“Stepping into that truth didn’t erase my womanhood or the life I’d lived. It layered on top of it”
BY RAGA D’SILVA, IMAGE BY PAVEL DANILYUK VIA CANVA
Being born a girl was the first crime I committed. I didn’t choose it. I didn’t know it at the time. But the world met me as a woman first, and everything that came after was measured against that. Being a woman taught me fear before I even understood desire. It taught me how to shrink, how to bend, how to count my steps and my words, how to make my body smaller in rooms that weren’t built for me. It taught me that danger isn’t always obvious and that power isn’t equally shared.
Society expected me to follow a path. To marry a man. To have children. To fit neatly into the life others had mapped out. I did all of that. I played the part. I gave the world the story it wanted. And in doing so, I learned what it meant to hide the truth of my own heart, to silence the part of me that knew love could feel different, that my desire did not follow the script.
Then came the quiet, slow realisation. The awakening that my heart didn’t move toward men in the way it was supposed to. That love had another shape, another name, lesbian. Stepping into that truth didn’t erase my womanhood or the life I’d lived. It layered on top of it. I carried all the fear, caution, rage and resilience I’d learned from navigating a patriarchal world, along with the weight of social expectation I had lived through. Suddenly, I wasn’t just a woman navigating misogyny. I was a woman who broke expectations. A woman whose love disrupted the orbit of men.

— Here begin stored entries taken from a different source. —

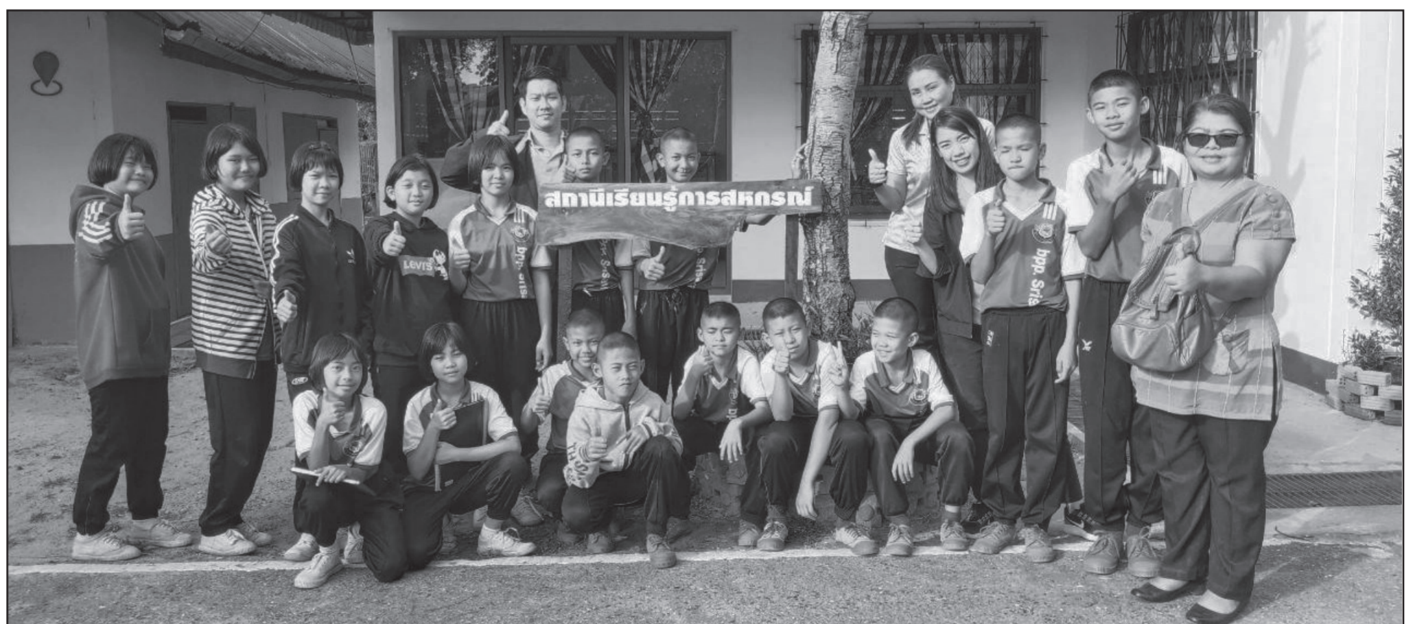
ภาพข่าว : ทีมประชาสัมพันธ์สำนักงานสหกรณ์จังหวัดยโสธร

และแนะนำให้มีการจัดการประชุมคณะกรรมการสหกรณ์ นักเรียนเป็นประจำทุกเดือน เพื่อที่จะได้ทราบว่าการ ผลการ ดำเนินงานกิจกรรมสหกรณ์ร้านค้า มีผลกำไร ขาดทุน เท่า ไร? เพื่อนำข้อมูลมาใช้ปรับปรุงและพัฒนาสหกรณ์ร้านค้า ของโรงเรียนให้ดีขึ้น ซึ่งนอกจากจะทำให้สหกรณ์ร้านค้ามี กำไรในการดำเนินกิจการแล้ว นักเรียนเองก็ยังมีความรู้เรื่อง ของระบบร้านค้า ซึ่งเป็นพื้นฐานที่สำคัญในการนำไปประยุกต์ ใช้ในการประกอบอาชีพต่อไปได้ พร้อมทั้งเลี้ยงไอศกรีม แก่นักเรียนและบุคลากรของโรงเรียน ณ โรงเรียนตำรวจ ตระเวนชายแดนบ้านศรีสวัสดิ์ อำเภอเลิงนกทา จังหวัดยโสธร
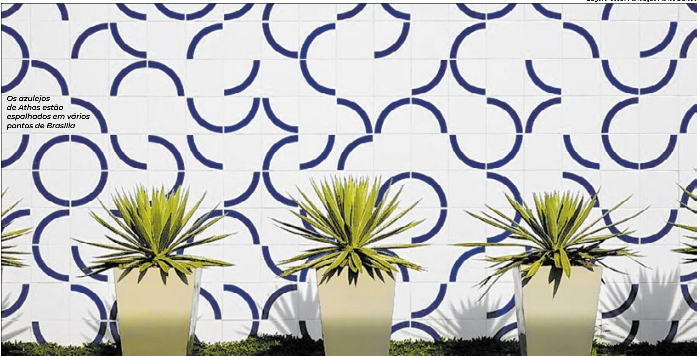
Os azulejos de Athos estão espalhados em vários pontos de Brasília
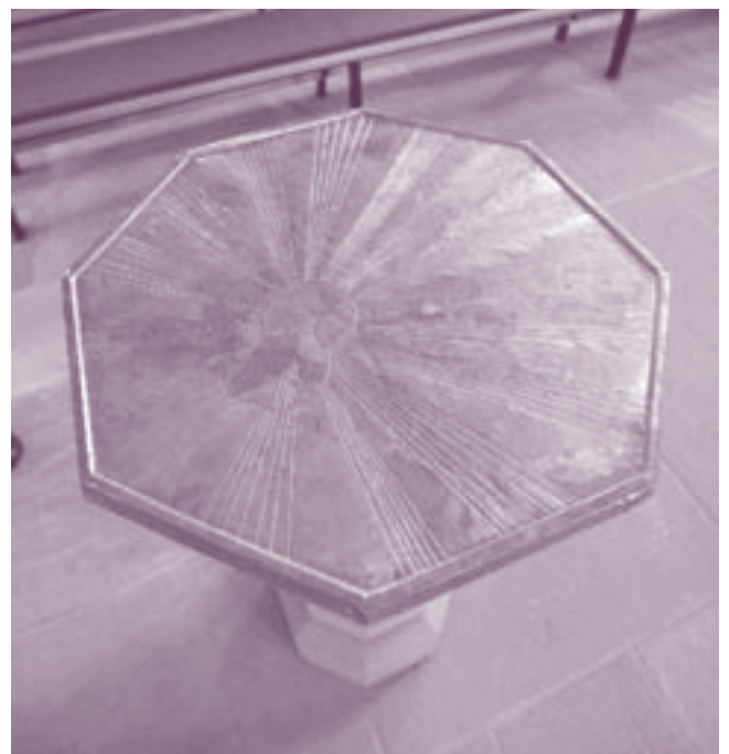
Taufstein Wiesbach, Abdeckung

Die Magdeburger Erklärung zur gegenseitigen Anerkennung der Taufe im Jahr 2007 hat hier bereits ermutigende Impulse gesetzt, wie auch weiterhin in der Tradition und Rezeption des sog. Lima-Papieres aus dem Jahr 1982 (Konvergenzerklärung zu Taufe, Eucharistie und Amt der Kommission für Glaube und Kirchenverfassung des ÖRK) motivierende und korrigierende Aussagen in die aktuellen ökumenischen Gespräche eingebracht werden können.
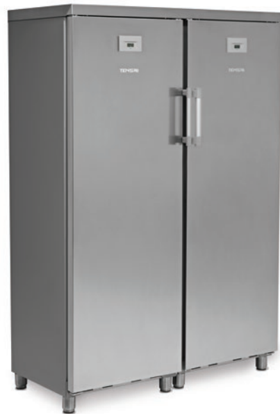
KITCF 350 PROSS INOX
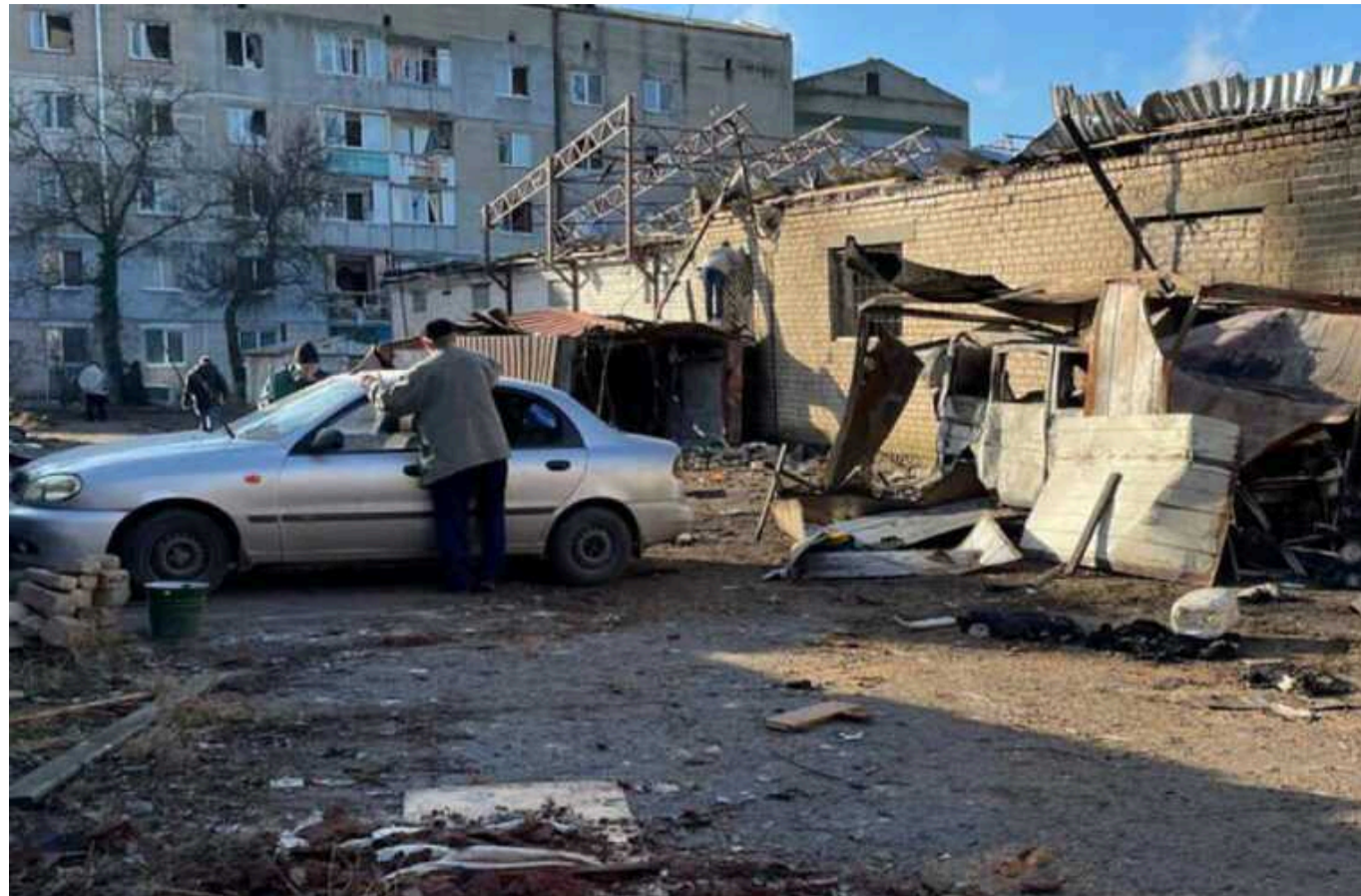
В окупованому Маріуполі перекупники реалізують автомобілі загиблих українців, – міськрада

Автомобілі вивозять із міста, підкупаючи місцевих "правоохоронців". А потім їх продають за ринковими цінами.
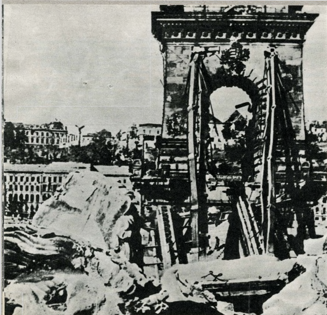
A felrobbantott Lánchíd és a lerombolt budai Várnegyed
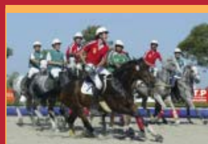
GRAND TOURNOI 2010

Après 3 victoires consécutives à la Baule, Rome et St Gall, la France caracole en tête de la Coupe des Nations . . . Page 10
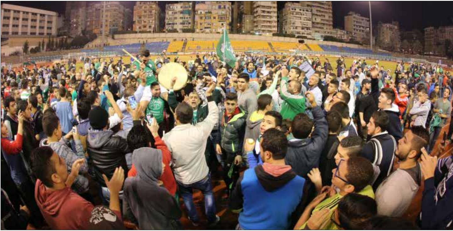
جمهور الانصار يحتفك مع لاعبيه بالفوز على الصفاء (عدنان الحاج علي)
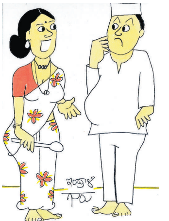
ಮೊದಲು 'ವರಪ್ಪ' ಅಂತಿರೋ ನಿಮ್ಮ ಹೆಸರನ್ನು ಬದಲಿಸಿಕೊಳ್ಳಿ, ಆಮೇಲಾದ್ರೂ ಜನ ಓಟು ಹಾಕ್ತಾರೋ ನೋಡೋಣ!
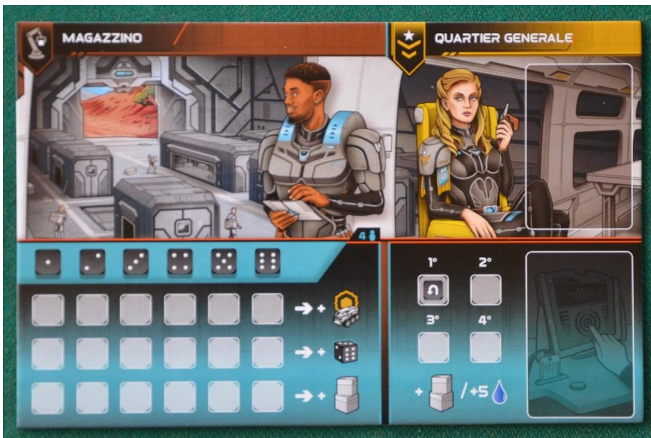
Foto 6 – La plancia Spazioporto con le due aree Quartier Generale e Magazzino.
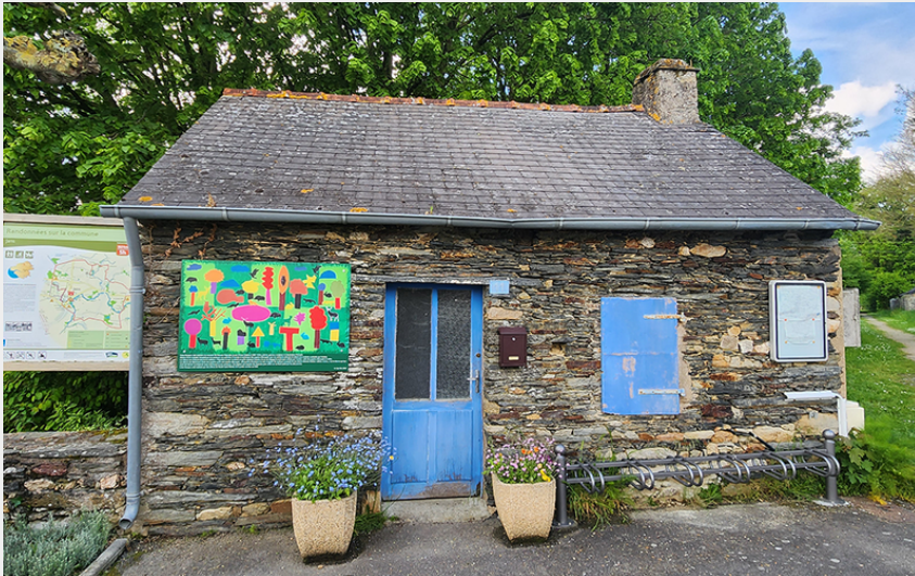
Sentier de l'étang de la Pierre (Communauté de Communes Châteaubriant-Derval)

There is tension there. Women are taught to soften themselves, to make space for others, to be careful. Lesbians step out of that orbit. We choose women. We refuse the rules. And yes, vulnerabilities remain. The fear, the judgements, the microaggressions. Sometimes sharper. Sometimes lonelier.
In my case, being a woman and a lesbian are not two separate identities stacked neatly; they are braided. My feminism is shaped by my queerness. My queerness is shaped by the misogyny and conditioning I have lived through. Pull them apart, and you lose the essence of who I am.
As we mark Lesbian Visibility Week (20 – 26 April), I feel that intersection keenly. There is struggle, yes, but also pride. Visibility matters. Stories matter. And in celebrating both my womanhood and my lesbianism, I see the strength in being unapologetically myself. I didn’t “become” a lesbian one day. I became aware. I was always both. And in that intersection, messy, complicated, sometimes painful, always real, I found clarity. I found myself.
Raga D’silva, is an author, public speaker, human rights activist and the host of the Older Queer Voices podcast.